We will use this formula to hand calculate our \(F\) statistics:

\[ F = \frac{(E_R - E_F)/(df_R - df_F)}{E_F*/df_F*} \]

- \(F_{partner.status} = \frac{(1209.2 - 1004.868) / (44-43)}{817.764/39} = 9.745\)
- \(F_{fcategory} = \frac{(1004.868 - 993.253) / (43-41)}{817.764/39} = 0.277\)
- \(F_{partner.status*fcategory} = \frac{(993.253 - 817.764) / (41-39)}{817.764/39} = 4.185\)

Note that in each case the denominator is based on the within sum of squares from the model containing all three terms.

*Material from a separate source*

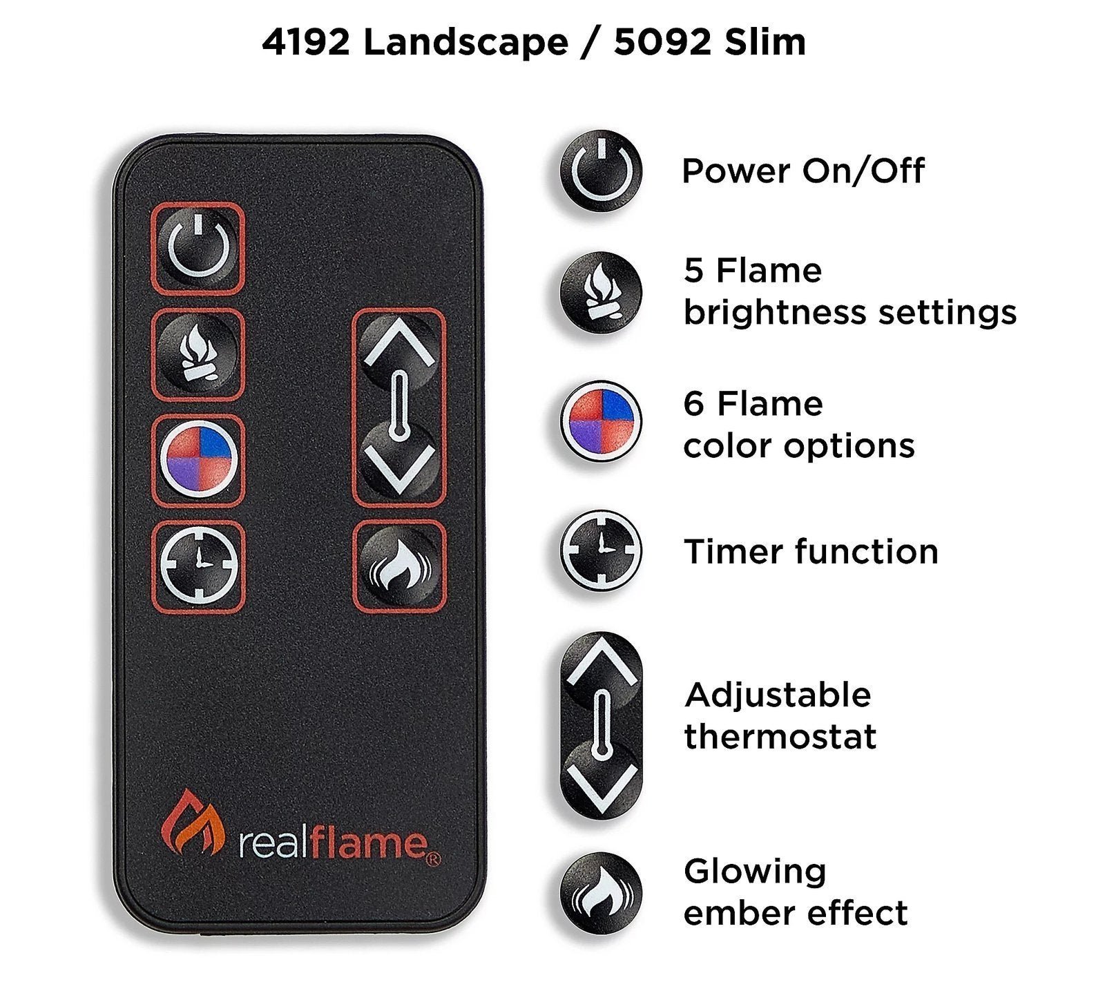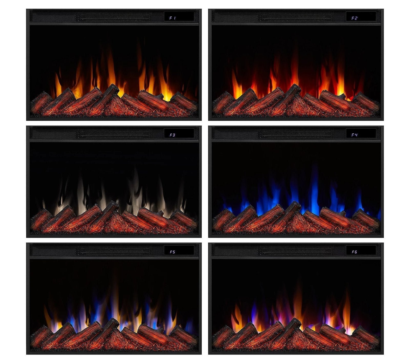 Six flame colors; five flame brightness levels

### Type II Sum of Squares

Type-II sums of squares are calculated as follows:

- First, compare a model with
*only*factor 2 to a model with factor 1 and 2. - Next, compare a model with
*only*factor 1 to a model with factor 1 and 2. - Finally, compare the full model with both factors and interaction to the model with only factor 1 and factor 2.

ANOVA table:

\(F\) Test | \(SS_w\) | \(df_w\) | \(MS_w\) | \(F\) | \(p\) |
---|---|---|---|---|---|

\(F_{partner.status}\) | 212.214 | 1 | 212.214 | 10.121 | .003 |

\(F_{fcategory}\) | 11.615 | 2 | 5.807 | .277 | .760 |

\(F_{partner.status*fcategory}\) | 175.489 | 2 | 87.744 | 4.185 | .023 |

We will use this formula to hand calculate our \(F\) statistics:

\[ F = \frac{(E_R - E_F)/(df_R - df_F)}{E_F*/df_F*} \]

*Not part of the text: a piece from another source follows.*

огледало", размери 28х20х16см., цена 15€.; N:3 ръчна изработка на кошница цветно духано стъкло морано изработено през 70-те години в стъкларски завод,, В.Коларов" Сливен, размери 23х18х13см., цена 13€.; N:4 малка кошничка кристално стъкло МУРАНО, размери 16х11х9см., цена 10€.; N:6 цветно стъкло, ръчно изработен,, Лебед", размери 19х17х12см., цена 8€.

- \(F_{partner.status} = \frac{(1205.467 - 993.253) / (43-42)}{817.764/39} = 10.121\)
- \(F_{fcategory} = \frac{(1004.868 - 993.253) / (44-42)}{817.764/39} = 0.277\)
- \(F_{partner.status*fcategory} = \frac{(993.253 - 817.764) / (41-39)}{817.764/39} = 4.185\)

### Type III Sum of Squares

Recall our steps:

- First compare the full model with both factors and interaction to the model with only factor 2 and the interaction.
- Then, compare the full model with both factors and interaction to the model with only factor 1 and the interaction.
- Finally, compare the full model with both factors and interaction to the model with only factor 1 and factor 2.

ANOVA Table:

\(F\) Test | \(SS_w\) | \(df_w\) | \(MS_w\) | \(F\) | \(p\) |
---|---|---|---|---|---|

\(F_{partner.status}\) | 239.562 | 1 | 239.562 | 11.425 | .002 |

\(F_{fcategory}\) | 36.019 | 2 | 18.009 | .859 | .431 |

\(F_{partner.status*fcategory}\) | 175.489 | 2 | 87.744 | 4.185 | .023 |

We will use this formula for the \(F\) statistics:

\[ F = \frac{(E_R - E_F)/(df_R - df_F)}{E_F*/df_F*} \]

- \(F_{partner.status} = \frac{(1057.326 - 817.764) / (40-39)}{817.764/39} = 11.425\)
- \(F_{fcategory} = \frac{(853.783 - 817.764) / (41-39)}{817.764/39} = 0.859\)
- \(F_{partner.status*fcategory} = \frac{(993.253 - 817.764) / (41-39)}{817.764/39} = 4.185\)

### More about types of sums of squares:

If all of the cells in the full factorial model have the same \(n\), then the three approaches end up yielding the same results. However, most of the time, all of your cells will not have the same \(n\).

So which type should you use? Type-I sum of squares are appropriate if you are interested in the incremental effects of adding terms to a model. However, the conclusions will depend on the order in which the terms are entered. If there is really no interaction, Type-II and Type-III are the same for the main effects, and Type-II will have more power. But, the interaction effect was added for a reason, so in the end, you will use the Type-III sum of squares (SPSS defaults to this).